Determined: Adele Douglas Speirs, who has been part of a Facebook campaign and petition to block the shop on North Street, Forfar.
Determined: Adele Douglas Speirs, who has been part of a Facebook campaign and petition to block the shop on North Street, Forfar.

Forfar residents are rallying in their hundreds to try to prevent a legal highs shop from opening in the town.

Word such a shop is to open its doors on North Street, next to a nightclub and on a main walking route for Forfar Academy pupils, has horrified residents and jolted them into action.

Over 1,000 people have signed an online petition, with the linked Facebook page attracting about 500 followers.

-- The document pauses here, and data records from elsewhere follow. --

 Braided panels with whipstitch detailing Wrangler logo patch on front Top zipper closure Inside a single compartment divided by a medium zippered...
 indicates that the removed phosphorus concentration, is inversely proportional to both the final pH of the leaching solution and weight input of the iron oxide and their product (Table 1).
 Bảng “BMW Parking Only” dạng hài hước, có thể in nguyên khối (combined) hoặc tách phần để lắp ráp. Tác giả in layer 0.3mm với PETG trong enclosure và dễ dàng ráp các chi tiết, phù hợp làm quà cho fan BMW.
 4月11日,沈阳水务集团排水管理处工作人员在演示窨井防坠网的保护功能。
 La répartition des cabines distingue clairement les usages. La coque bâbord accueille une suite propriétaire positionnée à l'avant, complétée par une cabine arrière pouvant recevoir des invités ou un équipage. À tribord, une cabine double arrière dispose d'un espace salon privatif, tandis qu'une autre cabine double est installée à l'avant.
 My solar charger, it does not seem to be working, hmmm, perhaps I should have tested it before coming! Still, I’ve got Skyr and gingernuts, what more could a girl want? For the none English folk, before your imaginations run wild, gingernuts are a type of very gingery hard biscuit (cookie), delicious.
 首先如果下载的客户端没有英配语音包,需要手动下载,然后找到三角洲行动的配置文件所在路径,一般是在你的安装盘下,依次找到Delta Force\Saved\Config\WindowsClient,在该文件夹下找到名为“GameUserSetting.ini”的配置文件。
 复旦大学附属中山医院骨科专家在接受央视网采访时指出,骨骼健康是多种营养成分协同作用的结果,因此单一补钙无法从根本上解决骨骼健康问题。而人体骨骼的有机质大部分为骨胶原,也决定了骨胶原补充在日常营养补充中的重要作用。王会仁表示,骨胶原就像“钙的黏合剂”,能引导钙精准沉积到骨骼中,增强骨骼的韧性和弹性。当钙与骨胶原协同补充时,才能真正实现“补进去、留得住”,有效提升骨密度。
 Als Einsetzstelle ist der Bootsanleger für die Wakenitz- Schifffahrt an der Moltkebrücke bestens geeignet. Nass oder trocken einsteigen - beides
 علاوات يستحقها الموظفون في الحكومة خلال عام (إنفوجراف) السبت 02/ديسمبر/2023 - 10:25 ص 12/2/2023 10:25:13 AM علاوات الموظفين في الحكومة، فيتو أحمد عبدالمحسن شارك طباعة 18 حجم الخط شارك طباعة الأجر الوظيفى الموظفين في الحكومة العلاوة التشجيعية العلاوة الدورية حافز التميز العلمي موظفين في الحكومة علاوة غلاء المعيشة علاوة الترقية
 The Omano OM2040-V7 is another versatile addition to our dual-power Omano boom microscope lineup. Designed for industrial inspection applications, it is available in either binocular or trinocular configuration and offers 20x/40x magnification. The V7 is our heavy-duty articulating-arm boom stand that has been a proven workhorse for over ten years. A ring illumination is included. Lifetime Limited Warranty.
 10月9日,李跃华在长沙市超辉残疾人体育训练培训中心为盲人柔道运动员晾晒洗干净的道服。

Campaign organiser Adele Douglas Speirs said she was “raging” when she heard talk of legal highs being sold over the counter in the town.

The 23-year-old youth worker has seen the effects so-called legal highs or new psychoactive substances (NPS) have on people and harbours no doubts about their risk to mental health.

“I know how dangerous and awful they are and we want to get the community together and try and prevent it (the shop) from opening.”

Adele said: “I am so passionate about keeping people away from them. They are so dangerous.”

Forfar Against Legal High Shop Opening’s Facebook page states: “We have decided to make up this page because there is a legal high shop opening in Forfar.

“We don’t want to see or hear of people dying because of these awful legal highs. How the authorities have allowed this to happen is ridiculous.”

Adele and other organisers are planning on going door-to-door with a petition in support of what is already proving to be a successful online campaign. They are contacting councillors for their support and will present the petition to Angus Council.

Previous tenants of the North Street premises were potato merchants but it is understood that permission for a change of use from office to shop premises was granted several weeks ago.

New tenants are believed to be from outwith the area and may have shops selling NPS elsewhere, but the property’s owners made no comment when contacted.

Sources in the town thought the shop would open for business last Friday but, for whatever reason, it remained closed.

As well as having a nightclub for a neighbour, popular lunchtime eateries for schoolchildren are also adjacent to the address, as are residential addresses.

Angus Alcohol and Drug Partnership is aware of concerns about the availability and use of NPS.

Angus police commander Chief Inspector Gordon Milne said: “While it might be the case that it is not against the law to retail these so-called illegal highs, we remain deeply concerned about the effects that these substances have on people that consume them.

“Be in no doubt, any outlet that sells these damaging substances is not what we want to see in Angus.”